== Collected material
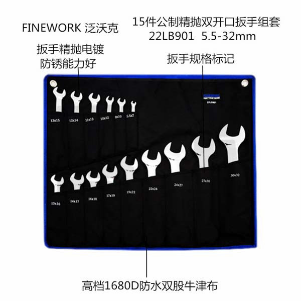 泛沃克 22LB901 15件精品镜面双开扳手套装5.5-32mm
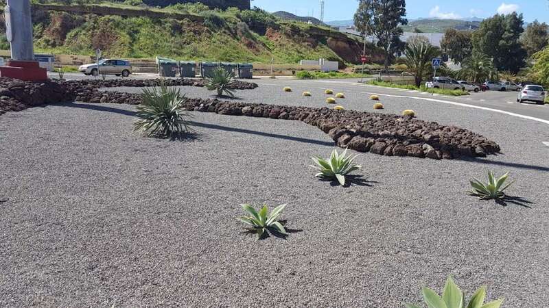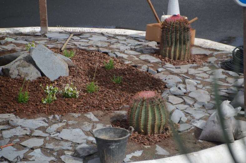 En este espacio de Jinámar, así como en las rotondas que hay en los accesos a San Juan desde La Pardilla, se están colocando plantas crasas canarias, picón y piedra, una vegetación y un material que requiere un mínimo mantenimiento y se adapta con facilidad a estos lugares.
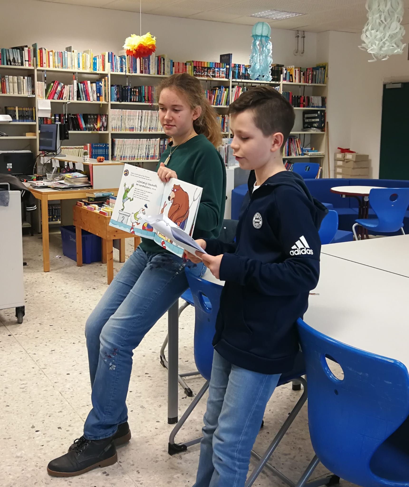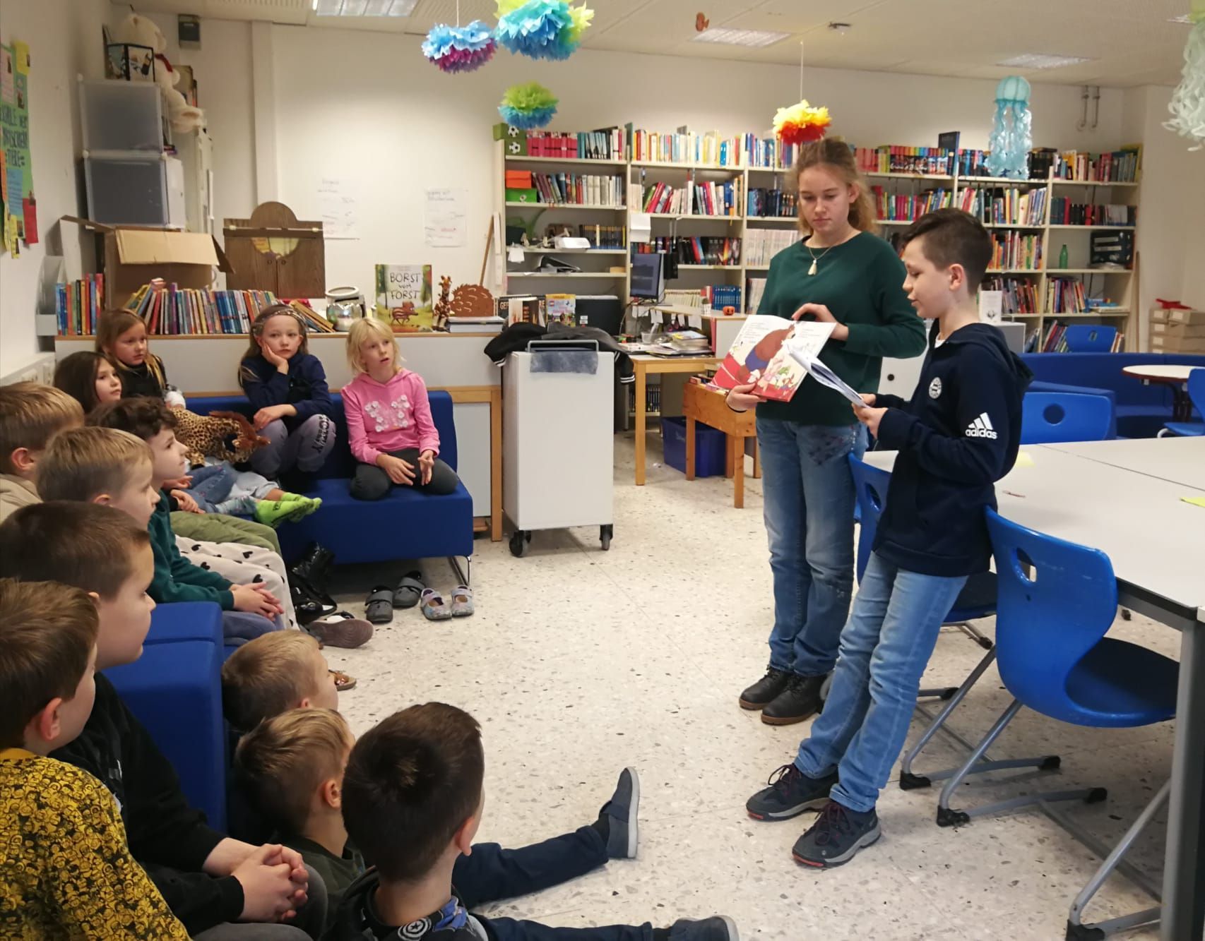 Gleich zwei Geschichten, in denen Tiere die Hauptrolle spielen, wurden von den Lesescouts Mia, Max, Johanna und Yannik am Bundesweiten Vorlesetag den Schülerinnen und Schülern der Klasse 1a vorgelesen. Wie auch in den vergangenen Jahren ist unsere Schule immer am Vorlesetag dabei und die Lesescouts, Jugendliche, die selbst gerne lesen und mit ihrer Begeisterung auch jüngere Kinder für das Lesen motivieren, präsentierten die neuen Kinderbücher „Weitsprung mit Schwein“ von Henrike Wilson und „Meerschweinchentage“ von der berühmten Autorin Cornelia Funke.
====
- Action item
Repeat the lines above exactly, and keep every picture out.

- Reply to the task
 泛沃克 22LB901 15件精品镜面双开扳手套装5.5-32mm
 En este espacio de Jinámar, así como en las rotondas que hay en los accesos a San Juan desde La Pardilla, se están colocando plantas crasas canarias, picón y piedra, una vegetación y un material que requiere un mínimo mantenimiento y se adapta con facilidad a estos lugares.
 Gleich zwei Geschichten, in denen Tiere die Hauptrolle spielen, wurden von den Lesescouts Mia, Max, Johanna und Yannik am Bundesweiten Vorlesetag den Schülerinnen und Schülern der Klasse 1a vorgelesen. Wie auch in den vergangenen Jahren ist unsere Schule immer am Vorlesetag dabei und die Lesescouts, Jugendliche, die selbst gerne lesen und mit ihrer Begeisterung auch jüngere Kinder für das Lesen motivieren, präsentierten die neuen Kinderbücher „Weitsprung mit Schwein“ von Henrike Wilson und „Meerschweinchentage“ von der berühmten Autorin Cornelia Funke.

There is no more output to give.